#### [Work required]
Starting at the line holding "となみ夜高まつり交通規制略図 ← click(駐車場の記載もあります)" and finishing at the line holding "ランチャーメニューの 情報 →", transcribe the material exactly, keeping both ends but no pictures.

#### [Entries provided]
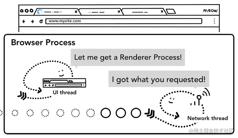 回车按下后,UI thread将关键词搜索对应的URL或输入的URL交给网络线程Network thread,此时UI线程使Tab前的图标展示为加载中状态,然后网络进程进行一系列诸如DNS寻址,建立TLS连接等操作进行资源请求,如果收到服务器的301重定向响应,它就会告知UI线程进行重定向然后它会再次发起一个新的网络请求。
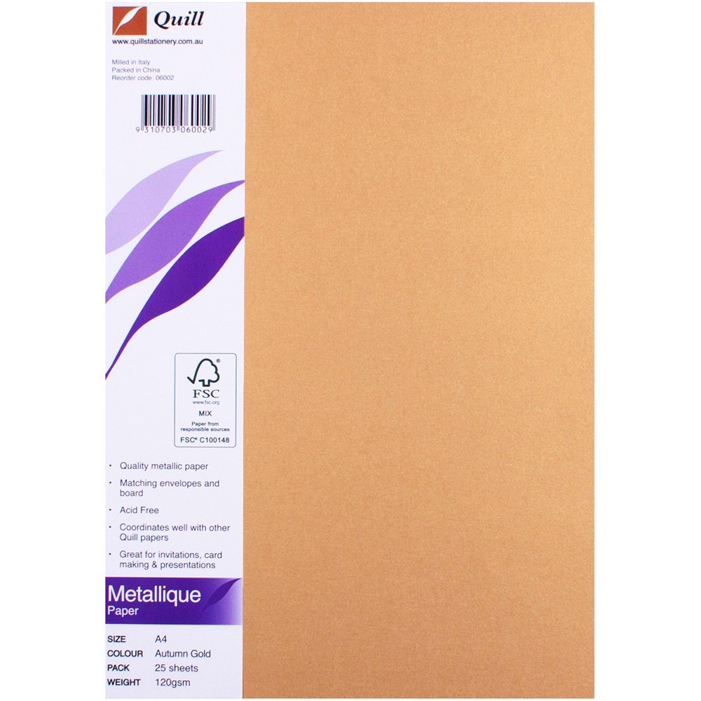 QUILL A4 METALLIQUE PAPER 120gsm Autumn Gold pk 25
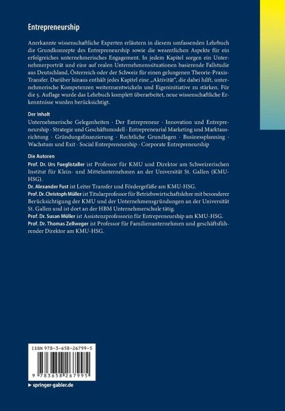 Grundlagen.- Unternehmerische Gelegenheiten.- Der Entrepreneur.- Innovation und Entrepreneurship.- Strategie und Geschäftsmodell.- Entrepreneurial Marketing und Marktausrichtung.- Gründungsfinanzierung.- Rechtliche Grundlagen.- Businessplanning.- Wachstum und Exit.- Social Entrepreneurship.- Corporate Entrepreneurship.
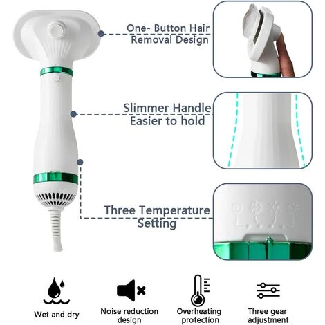 PILATION UNE CL: La nouvelle conception d’pilation une cl que vous pouvez facilement enlever les poils d’animaux en appuyant simplement sur le bouton. Plus pratique pour vous de nettoyer le sche-cheveux pour animaux de compagnie, plus efficace pour nettoyer ce que la fourrure de l’animal tombe et bloquer le sche-cheveux. .
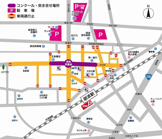 となみ夜高まつり交通規制略図 ← click(駐車場の記載もあります)
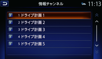 ランチャーメニューの 情報 → NissanConnect Services → 情報チャンネル → ドライブ計画ダウンロード をタッチする
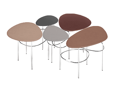 Коктейльный столик Viae 5 от премиального итальянского бренда Frag. Дизайнер Analogia Project. Коллекция представлена двумя версиями: с 3 и 5 асимметричными фрагментами столешницы. Элементы столешницы обтянуты седельной кожей, на выбор предлагается стандартная, монохромная или цветная схема оформления. Дизайн был задуман по мотивам древнеримских дорог, вымощенных булыжниками. Корпус стальной в виде гнутого прута. Можно подобрать цвет кожи для элементов столешницы. Цвет основания можно выбрать на заказ.

#### [Response box]
 となみ夜高まつり交通規制略図 ← click(駐車場の記載もあります)
 ランチャーメニューの 情報 → NissanConnect Services → 情報チャンネル → ドライブ計画ダウンロード をタッチする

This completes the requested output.